Hacker News new | ask | show | jobs
by nl 2874 days ago
I don't understand your point about the Paleo diet.

I just Googled, and apparently the "ignore how infant mortality affects life expectancy" is a talking point of pro-Paleo websites. This is a good point (although it seems to ignore the high mortality rate of women during childbirth), but seems pretty irrelevant to the rest of the article.

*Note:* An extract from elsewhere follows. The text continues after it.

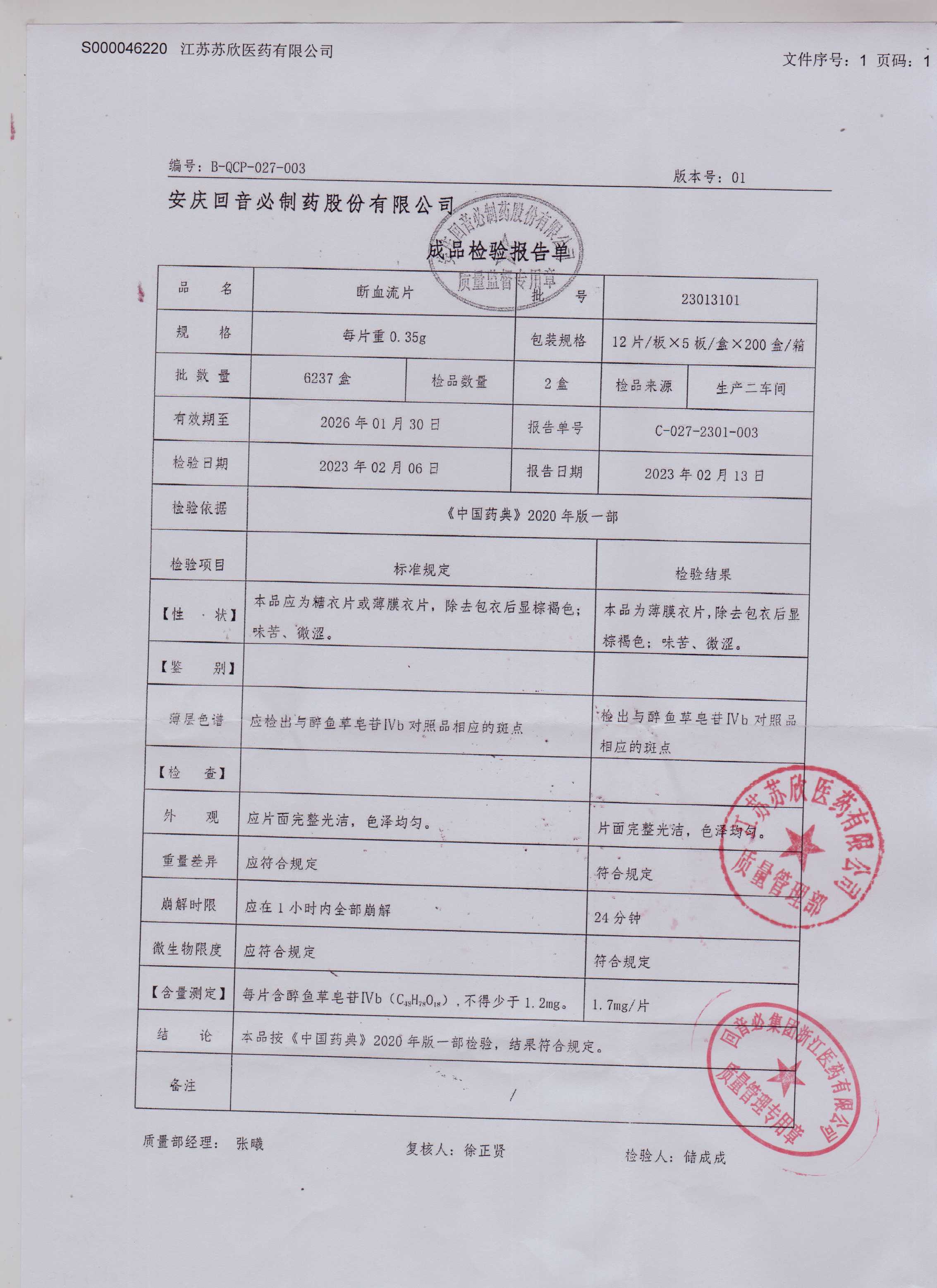 断血流片23013101

Ignoring that, it seemed a reasonably well thought-out counterpoint to another fad diet.

2 comments

I think the issue is that 40 years seems to be extrapolated from an average, but the distribution of human lifespans (especially in pre-modern times) is bi-modal so the average doesn't tell you much about how long they lived conditioned on reaching adulthood. I found mostly questionable-looking paleo-diet related results as well, but to their credit the chain of citations led back to peer-reviewed research such as this:

> we see that on average 57 percent, 64 percent, and 67 percent of children born survive to age 15 years among hunter-gatherers, forager-horticulturalists, and acculturated hunter-gatherers. Of those who reach age 15, 64 percent of traditional hunter-gatherers and 61 percent of forager-horticulturalists reach age 45. The acculturated hunter-gatherers show lower young adult mortality rates, with 79 percent surviving to age 45, conditional on reaching age 15.

http://www.anth.ucsb.edu/gurvenlab/sites/secure.lsit.ucsb.ed...

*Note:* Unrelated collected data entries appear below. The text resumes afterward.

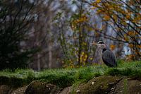 reiger wachtend op zijn kans met een prachtig decor als achtergrond.
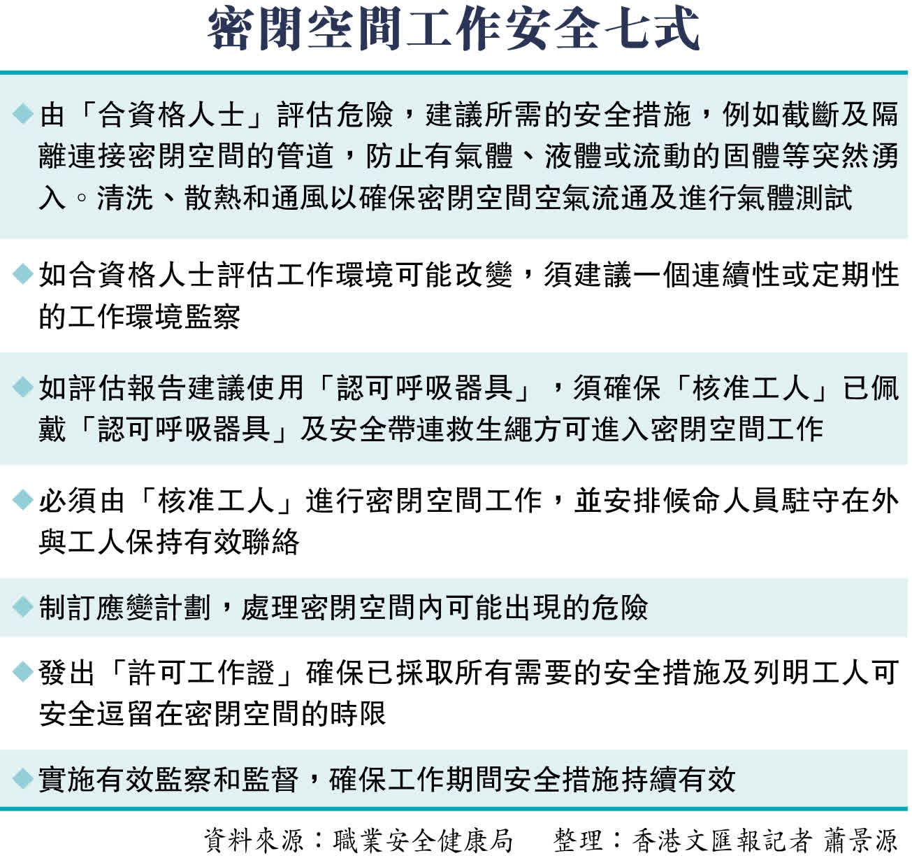 香港建造業總工會職業安全顧問李光昇坦言「事件好奇怪!」指法例規定進入管道工作的工人,一定要完成勞工處認可的「核准工人課程」,並需要合資格人士對現場環境做足5方面的安全評估,包括爆炸、中暑、危害氣體、水浸遇溺及流動固體的危險。工人進入前亦需要根據評估報告的建議佩戴個人防護用品,例如全套氧氣筒連同呼吸器及繫上安全帶,並保持與外人員溝通,一旦發生危險外面的人可隨時將工人由管道拉出。
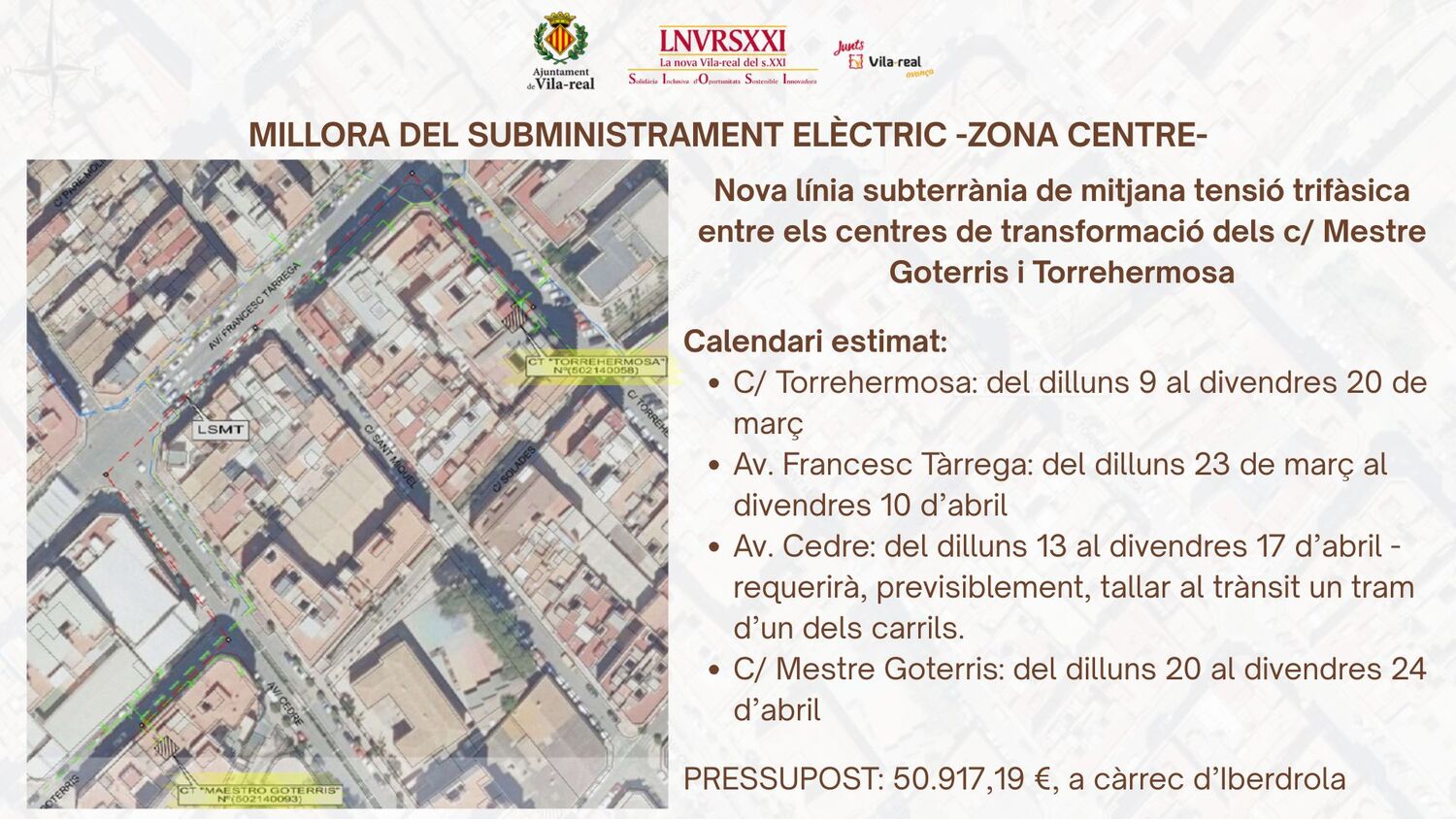 Aquesta actuació, que ascendeix a 50.917,19 € i sufraga completament lberdrola, forma part d'un conjunt de tres intervencions previstes a la zona centre de la ciutat que tenen com a objectiu modernitzar la xarxa elèctrica i reforçar la qualitat i fiabilitat del servei en una zona amb elevada activitat residencial i de serveis.

Sure, I agree it's a good point. But it does seem to be a fairly minor point in the whole article, and I really don't understand what the OP's point was.

Was it just they didn't like the criticism of paleo? Because honestly, to me publishing reasonably well thought out criticism of anything seems exactly what a good newspaper should do.

> There have been no studies of large groups of people who have followed the currently popular versions of the Paleo diet for decades to assess their long-term health effects.

You could say similar things about climate change. The science is, and always will be, out. That's the nature of science.

>> There have been no studies of large groups of people who have followed the currently popular versions of the Paleo diet for decades to assess their long-term health effects.

> You could say similar things about climate change. The science is, and always will be, out. That's the nature of science.

This is a false equivalency.

Science requires experiments to support or refute hypotheses. The fact that new experiments may cause us to revisit a theory does not mean that one can assert any arbitrary theory to be correct.

Where did I assert any theory as being correct. Stop twisting my words. You're seeing an agenda where there isn't one.